On this picture you can see (green) spot algae on hte left of the picture and an other type of what is presume is algae or maybe rot in the center of the picture? What is the black colored stuff? There are no threads visible could it be rot of some sort?


----------



## chipster55 (Apr 21, 2008)

Looks like BBA to me..


----------



## Glaucus (Oct 11, 2009)

I have reasons to believe this is not BBA. I had BBA in my tank before and BBA has very distinctive tufts of very short short hairlike strands and grows/appears very slowly. Besides i erradicated BBA with excel a while ago (all tufts are gone even the ones i didn't spot dose).

This black stuff on the other hand, appeared in a nick of time and has no hairlike properties. A mod said this could be diatoms.
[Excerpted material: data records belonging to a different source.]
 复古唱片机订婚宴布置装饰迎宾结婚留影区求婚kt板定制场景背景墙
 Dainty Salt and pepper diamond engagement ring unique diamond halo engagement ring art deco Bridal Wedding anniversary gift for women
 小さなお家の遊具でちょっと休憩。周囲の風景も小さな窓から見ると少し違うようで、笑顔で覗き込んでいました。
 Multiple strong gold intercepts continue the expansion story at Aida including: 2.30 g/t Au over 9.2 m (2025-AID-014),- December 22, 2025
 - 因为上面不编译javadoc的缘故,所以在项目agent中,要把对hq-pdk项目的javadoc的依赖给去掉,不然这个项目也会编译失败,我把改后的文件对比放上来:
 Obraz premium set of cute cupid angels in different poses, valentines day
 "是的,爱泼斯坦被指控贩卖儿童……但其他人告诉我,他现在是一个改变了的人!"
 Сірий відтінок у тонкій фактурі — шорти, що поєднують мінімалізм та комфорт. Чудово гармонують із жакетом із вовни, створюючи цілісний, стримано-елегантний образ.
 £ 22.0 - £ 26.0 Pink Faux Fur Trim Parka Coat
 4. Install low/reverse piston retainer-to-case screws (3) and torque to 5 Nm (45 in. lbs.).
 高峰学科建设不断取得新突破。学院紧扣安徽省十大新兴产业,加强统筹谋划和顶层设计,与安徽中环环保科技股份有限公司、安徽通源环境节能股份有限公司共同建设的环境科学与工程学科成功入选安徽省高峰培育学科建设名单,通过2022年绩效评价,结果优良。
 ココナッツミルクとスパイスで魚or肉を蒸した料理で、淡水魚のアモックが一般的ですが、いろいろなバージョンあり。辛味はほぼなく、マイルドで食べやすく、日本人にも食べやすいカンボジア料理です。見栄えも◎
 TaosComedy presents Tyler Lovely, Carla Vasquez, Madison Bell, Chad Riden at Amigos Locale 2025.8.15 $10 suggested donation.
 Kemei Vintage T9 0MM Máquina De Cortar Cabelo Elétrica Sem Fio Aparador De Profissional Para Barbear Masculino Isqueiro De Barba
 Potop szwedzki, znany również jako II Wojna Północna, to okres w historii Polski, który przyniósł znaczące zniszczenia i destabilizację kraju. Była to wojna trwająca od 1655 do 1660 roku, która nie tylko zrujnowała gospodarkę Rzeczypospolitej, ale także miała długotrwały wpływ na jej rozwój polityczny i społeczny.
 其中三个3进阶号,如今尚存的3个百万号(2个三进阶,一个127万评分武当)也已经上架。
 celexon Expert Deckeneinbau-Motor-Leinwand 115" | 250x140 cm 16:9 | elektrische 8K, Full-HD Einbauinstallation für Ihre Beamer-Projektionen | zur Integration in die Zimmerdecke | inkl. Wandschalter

EDIT: amazingly, I saw a sherry shrimp eating this stuff. The entire leaf is now cleared!


----------



## nhung (Aug 3, 2009)

I have the thing on my anubias. Cherry shrimp eat this. Good to know. Thanks.


----------



## chipster55 (Apr 21, 2008)

I agree with your description but I was thinking it was BBA because of the black all around the edges of one of your background leafs..Sounds like you got it solved.


----------



## abcemorse (May 28, 2008)

It's BBA. Having eradicated it before doesn't necessarily mean the condition that caused it is rectified, so it can return. There's no tufts because it's early in its growth, given time it will look like what you'd expect. Keep spot treating and try to figure out the root cause. Anubias are notorious for that cuz they are so slow growing....


----------



## armedbiggiet (May 6, 2006)

yeah, such small BBA the shrimps and oto can take care of these.


----------



## nhung (Aug 3, 2009)

Otto does not take care of these. My Ottos does not even touch them.


----------